To do -> Transcribe exactly the entries from the "Der Bausatz Tiger" line to the end, both included, minus pictures.

Source data ->
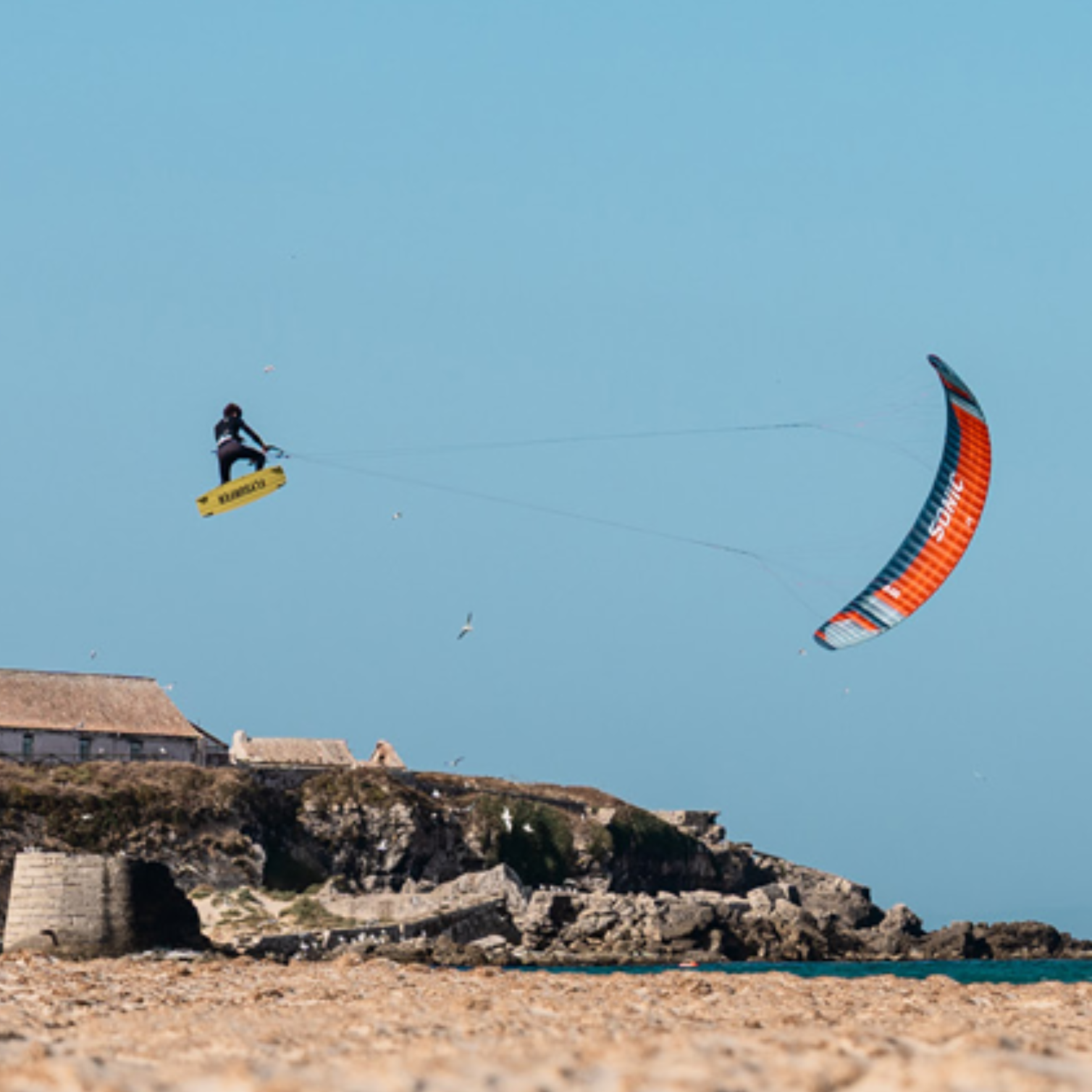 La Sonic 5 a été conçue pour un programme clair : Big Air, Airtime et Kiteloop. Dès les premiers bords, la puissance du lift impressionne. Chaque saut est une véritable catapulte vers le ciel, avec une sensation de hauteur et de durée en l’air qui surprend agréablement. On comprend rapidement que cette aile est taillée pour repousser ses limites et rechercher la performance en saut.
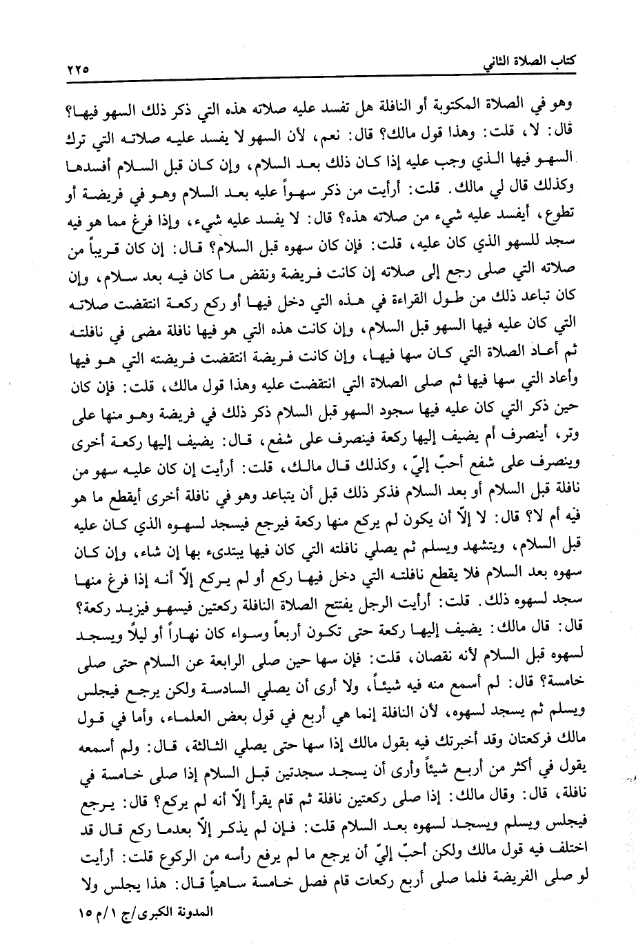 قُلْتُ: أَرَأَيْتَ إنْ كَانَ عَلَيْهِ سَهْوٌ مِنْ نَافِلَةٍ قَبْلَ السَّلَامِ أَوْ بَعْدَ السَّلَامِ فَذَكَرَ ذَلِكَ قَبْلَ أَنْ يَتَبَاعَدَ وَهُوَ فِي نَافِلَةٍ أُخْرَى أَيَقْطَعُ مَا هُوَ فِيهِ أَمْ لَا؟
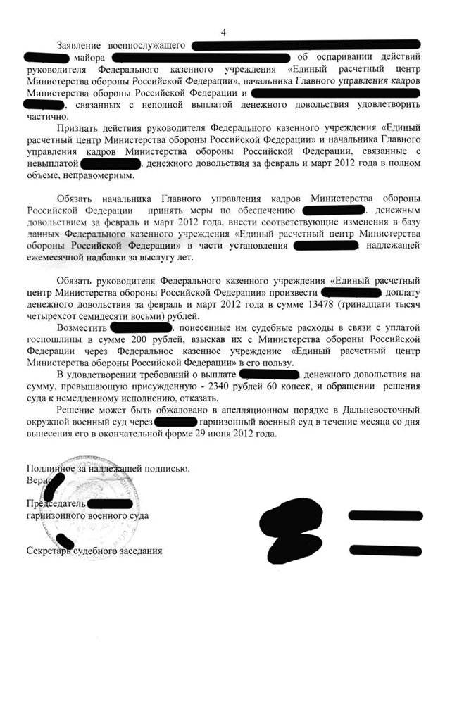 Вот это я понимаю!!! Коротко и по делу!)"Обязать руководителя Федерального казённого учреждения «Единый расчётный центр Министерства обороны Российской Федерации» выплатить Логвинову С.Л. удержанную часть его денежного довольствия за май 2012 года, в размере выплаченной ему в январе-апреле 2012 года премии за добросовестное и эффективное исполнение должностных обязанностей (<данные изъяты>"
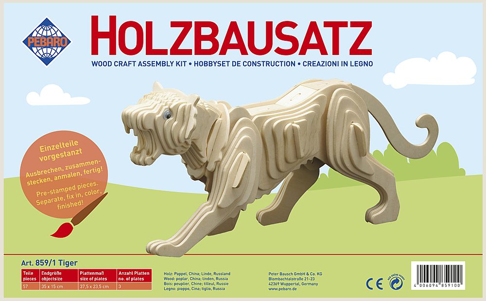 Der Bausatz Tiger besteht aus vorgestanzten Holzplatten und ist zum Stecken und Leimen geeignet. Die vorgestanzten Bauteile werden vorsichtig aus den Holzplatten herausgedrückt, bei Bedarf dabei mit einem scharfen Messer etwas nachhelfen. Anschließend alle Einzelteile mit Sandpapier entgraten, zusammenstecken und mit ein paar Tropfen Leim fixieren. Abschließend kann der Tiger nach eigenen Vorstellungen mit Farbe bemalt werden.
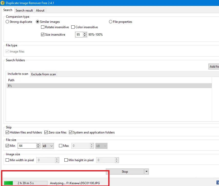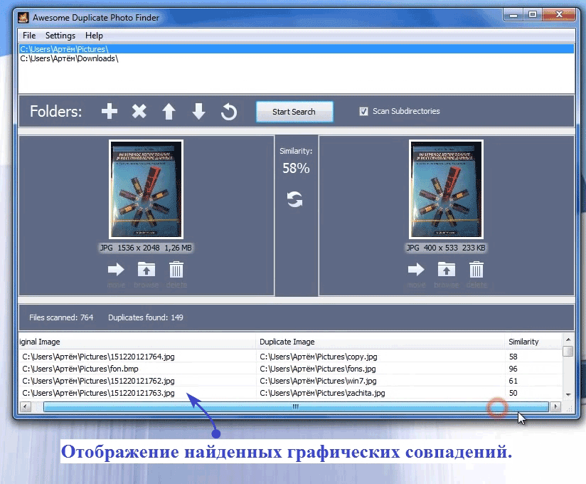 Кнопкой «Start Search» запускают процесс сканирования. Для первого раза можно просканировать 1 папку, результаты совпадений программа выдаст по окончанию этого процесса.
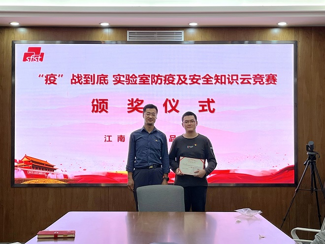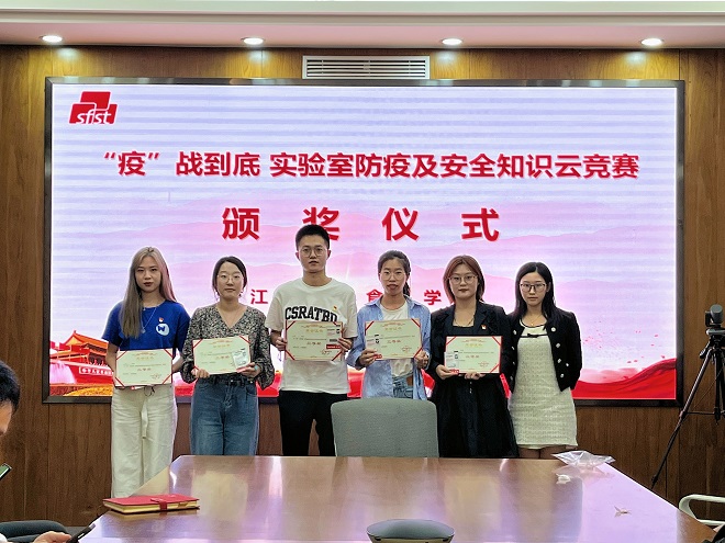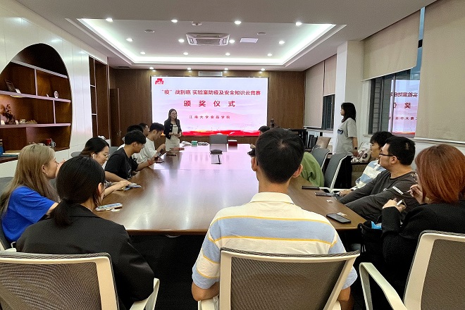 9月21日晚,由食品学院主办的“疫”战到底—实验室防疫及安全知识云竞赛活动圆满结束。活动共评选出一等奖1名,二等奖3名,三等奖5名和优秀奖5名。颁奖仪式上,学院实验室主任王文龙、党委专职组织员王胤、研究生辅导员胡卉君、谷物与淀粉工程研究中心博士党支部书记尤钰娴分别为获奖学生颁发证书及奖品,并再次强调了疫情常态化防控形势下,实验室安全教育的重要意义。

Result of the task ->
 Der Bausatz Tiger besteht aus vorgestanzten Holzplatten und ist zum Stecken und Leimen geeignet. Die vorgestanzten Bauteile werden vorsichtig aus den Holzplatten herausgedrückt, bei Bedarf dabei mit einem scharfen Messer etwas nachhelfen. Anschließend alle Einzelteile mit Sandpapier entgraten, zusammenstecken und mit ein paar Tropfen Leim fixieren. Abschließend kann der Tiger nach eigenen Vorstellungen mit Farbe bemalt werden.
 Кнопкой «Start Search» запускают процесс сканирования. Для первого раза можно просканировать 1 папку, результаты совпадений программа выдаст по окончанию этого процесса.
 9月21日晚,由食品学院主办的“疫”战到底—实验室防疫及安全知识云竞赛活动圆满结束。活动共评选出一等奖1名,二等奖3名,三等奖5名和优秀奖5名。颁奖仪式上,学院实验室主任王文龙、党委专职组织员王胤、研究生辅导员胡卉君、谷物与淀粉工程研究中心博士党支部书记尤钰娴分别为获奖学生颁发证书及奖品,并再次强调了疫情常态化防控形势下,实验室安全教育的重要意义。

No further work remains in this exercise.